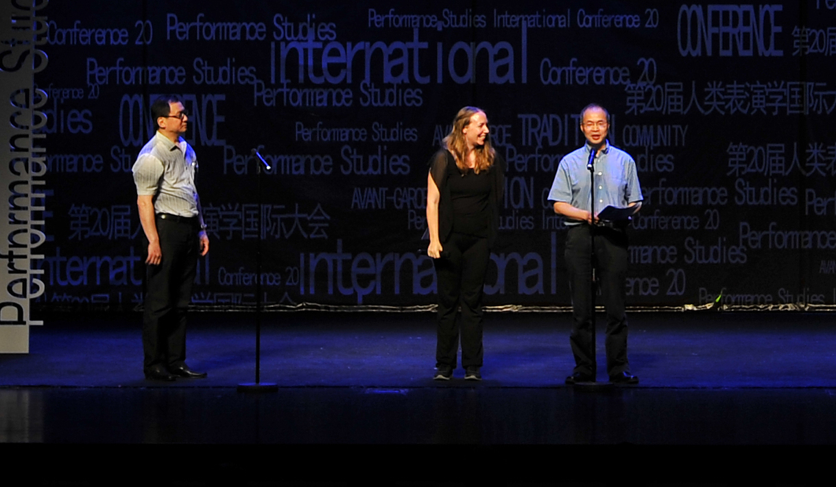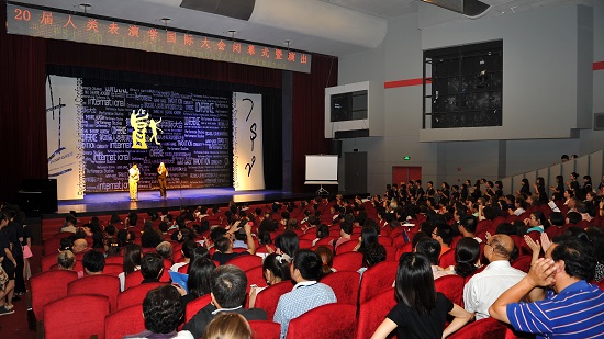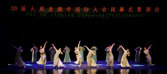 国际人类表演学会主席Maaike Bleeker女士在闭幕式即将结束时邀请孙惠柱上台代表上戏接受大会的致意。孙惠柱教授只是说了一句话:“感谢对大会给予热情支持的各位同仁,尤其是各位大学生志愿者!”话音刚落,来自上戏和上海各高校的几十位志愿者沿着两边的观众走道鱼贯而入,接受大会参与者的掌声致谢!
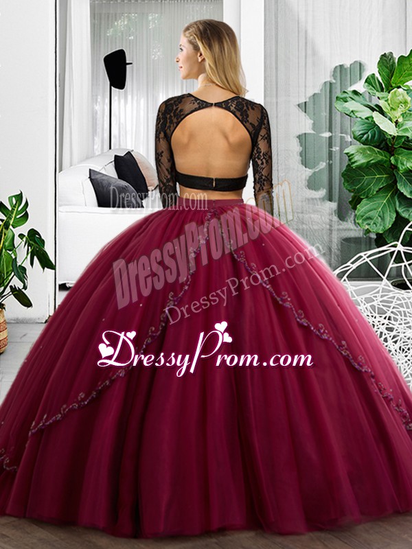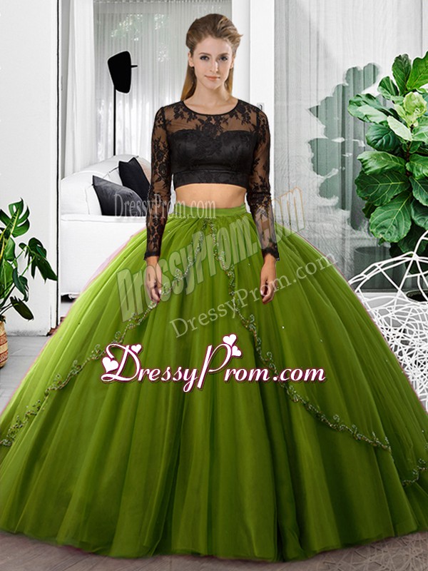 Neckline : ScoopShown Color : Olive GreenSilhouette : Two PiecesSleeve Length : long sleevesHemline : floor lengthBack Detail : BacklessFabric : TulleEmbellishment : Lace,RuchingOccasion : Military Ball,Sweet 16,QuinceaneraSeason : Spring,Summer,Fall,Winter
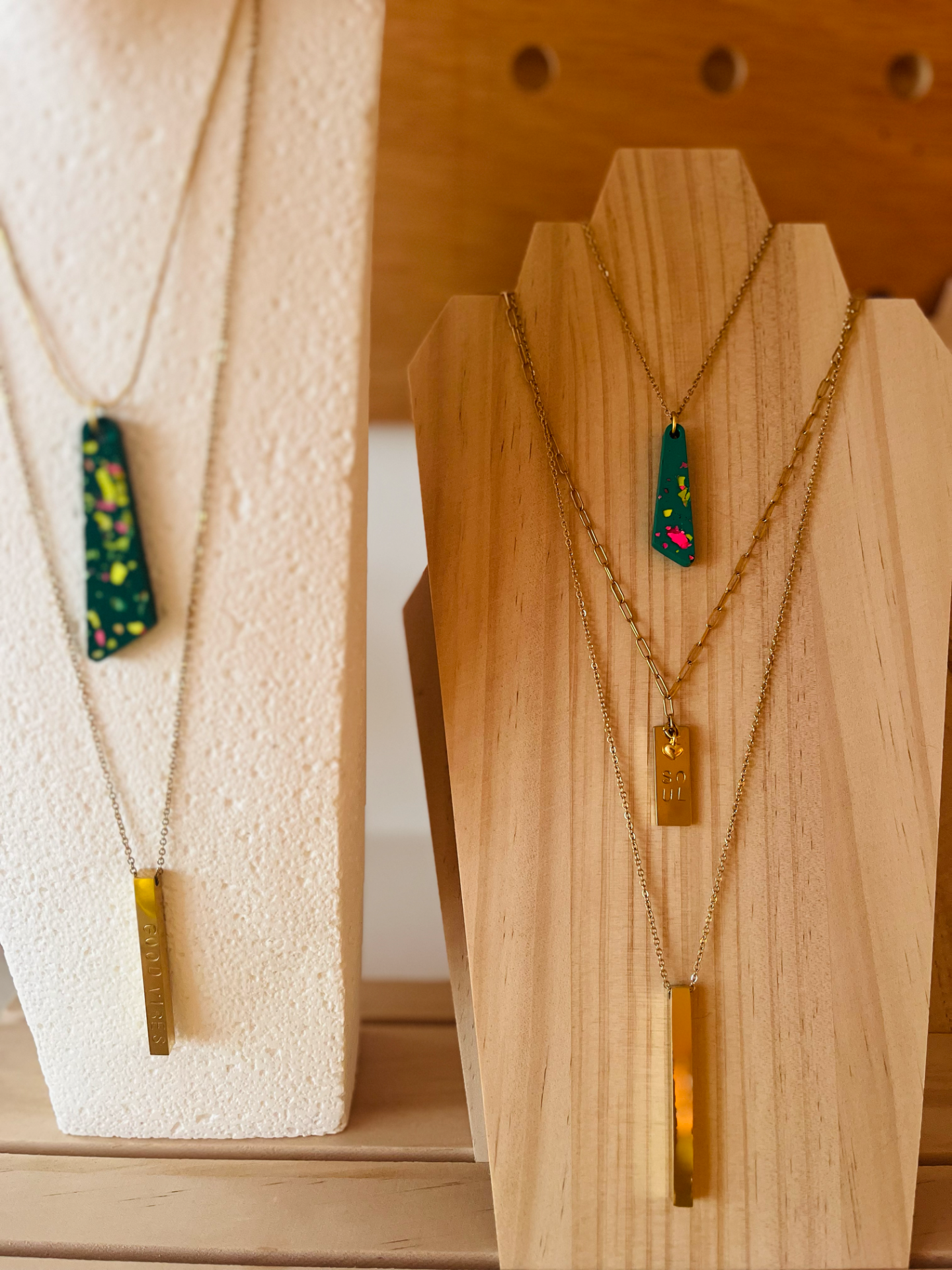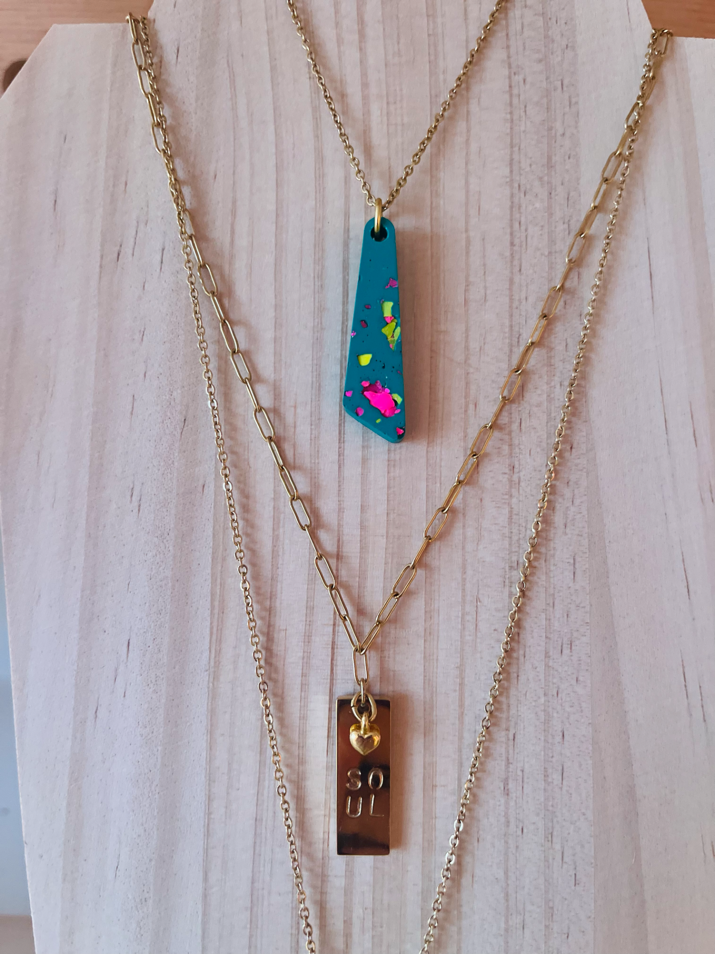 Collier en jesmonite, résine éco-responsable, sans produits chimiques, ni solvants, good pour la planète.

_PROBLEM TO WORK ON:_
Only the text of the listing above should be copied, exactly and with pictures left out.

_EXPECTED ANSWER:_
 国际人类表演学会主席Maaike Bleeker女士在闭幕式即将结束时邀请孙惠柱上台代表上戏接受大会的致意。孙惠柱教授只是说了一句话:“感谢对大会给予热情支持的各位同仁,尤其是各位大学生志愿者!”话音刚落,来自上戏和上海各高校的几十位志愿者沿着两边的观众走道鱼贯而入,接受大会参与者的掌声致谢!
 Neckline : ScoopShown Color : Olive GreenSilhouette : Two PiecesSleeve Length : long sleevesHemline : floor lengthBack Detail : BacklessFabric : TulleEmbellishment : Lace,RuchingOccasion : Military Ball,Sweet 16,QuinceaneraSeason : Spring,Summer,Fall,Winter
 Collier en jesmonite, résine éco-responsable, sans produits chimiques, ni solvants, good pour la planète.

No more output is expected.